West Texas Intermediate futures jumped 9.4% to settle near $78/bbl, their highest level in nearly a month, while Brent crude closed above $83/bbl. Prices extended gains in post-settlement trading after Trump said the U.S. would strike Iran "very hard" overnight Monday and Tuesday.
The rally followed a weekend exchange of U.S. and Iranian strikes, including attacks on energy infrastructure, that largely erased hopes tensions would ease and shipping through Hormuz would normalize.
In a social media post, Trump said Hormuz "will remain OPEN, with or without Iran," describing the United States as the waterway's "guardian" while proposing a 20% reimbursement on all other cargo transiting the strait. Earlier, he told Fox News the U.S. would likely seek to take control of the chokepoint.
"Reinstating the blockade is another rung up the escalation ladder, and that's forcing crude to reprice geopolitical risk," said Rebecca Babin, senior energy trader at CIBC Private Wealth Group. "The proposed 20% transit fee grabs attention, but the market is still waiting to see how it would actually be implemented."
The White House did not immediately provide details on how the proposed transit charge would be administered or whether it had been discussed with U.S. allies in the Gulf.
The Joint Maritime Information Center said U.S. Central Command would begin enforcing the blockade of Iranian ports and coastal areas beginning at 4 p.m. ET Tuesday. Analysts warned the move could increase the risk of further attacks on commercial shipping through the world's most important oil transit chokepoint.

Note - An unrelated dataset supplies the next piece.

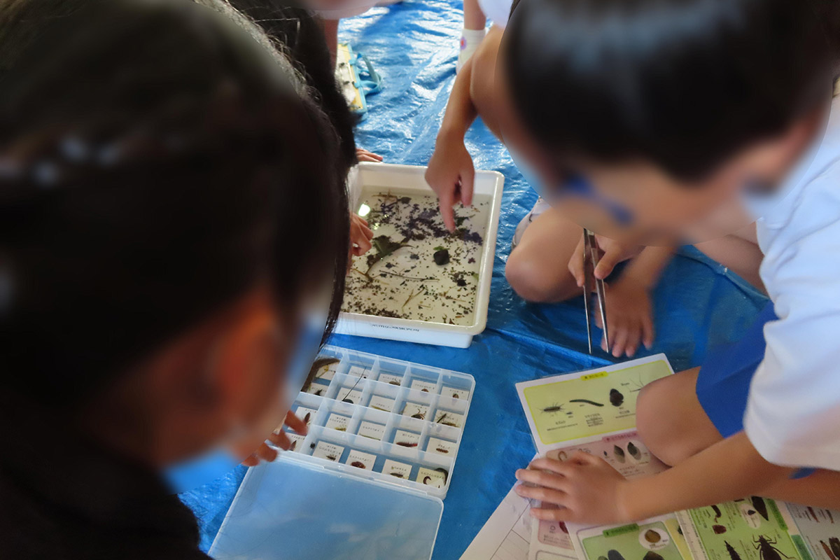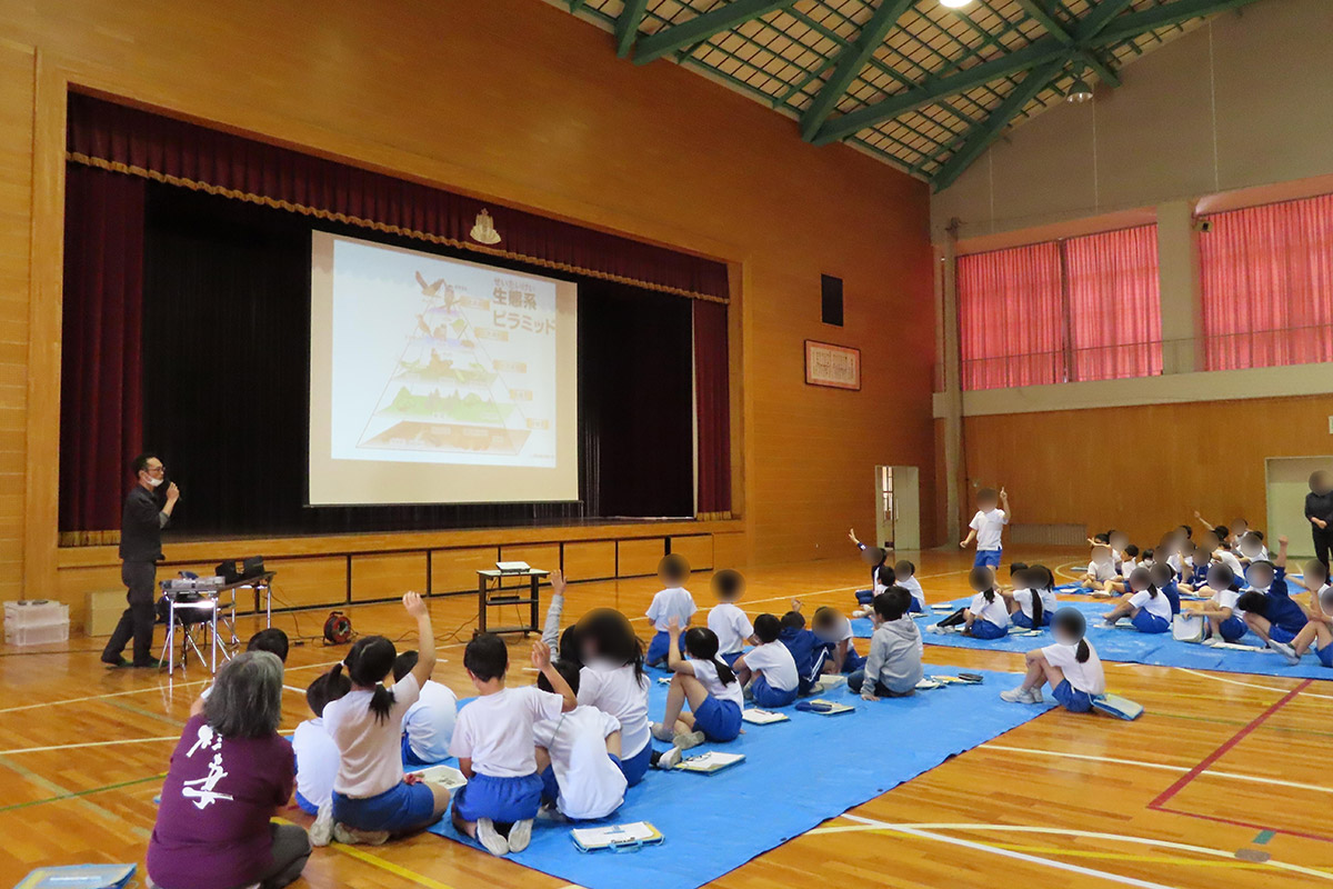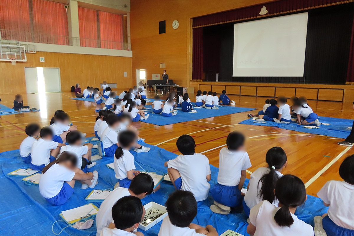 海洋プラスチックの問題や環境問題について講義を実施。地球温暖化の原因や、温暖化が進むと猛暑・集中豪雨・台風などの気候変動が起こり、将来的には海面上昇や食料・水不足、生態系の損失など様々な事象が起こってしまうことについて学習し、地球温暖化を防ぐために自分たちに出来ることについて考えた。身近な川の水生生物調査の体験を通して、全ての生き物は自分たちが気付かない場所で繋がっていることや、人間は自然の一部であり、自然を知り、自然と仲良くなることの大切さを話された。

Fresh uncertainty surrounding Hormuz has restored a geopolitical risk premium to crude markets after prices retreated in June following an interim U.S.-Iran peace agreement.
A 20% transit charge would amount to roughly $32 million for a fully loaded supertanker at current oil prices, significantly exceeding the fees previously reported by Iran for passage through the strait. Increased shipping costs would likely be reflected in higher crude prices.
The International Maritime Organization reiterated its opposition to charging fees for passage through international straits used for global navigation.
Meanwhile, Yemen's Houthis claimed responsibility for missile and drone attacks targeting a Saudi airport in response to earlier Saudi strikes on Sanaa. On Sunday, U.S. forces struck dozens of targets aimed at reducing Iran's ability to threaten shipping through Hormuz, while Iran launched attacks on U.S. allies across the Middle East. Kuwait also reported damage to an offshore drilling platform, marking the first direct strike on energy infrastructure in weeks.
"If the conflict expanded to target key facilities more broadly, oil could head to $100," said Saul Kavonic, senior energy analyst at MST Marquee.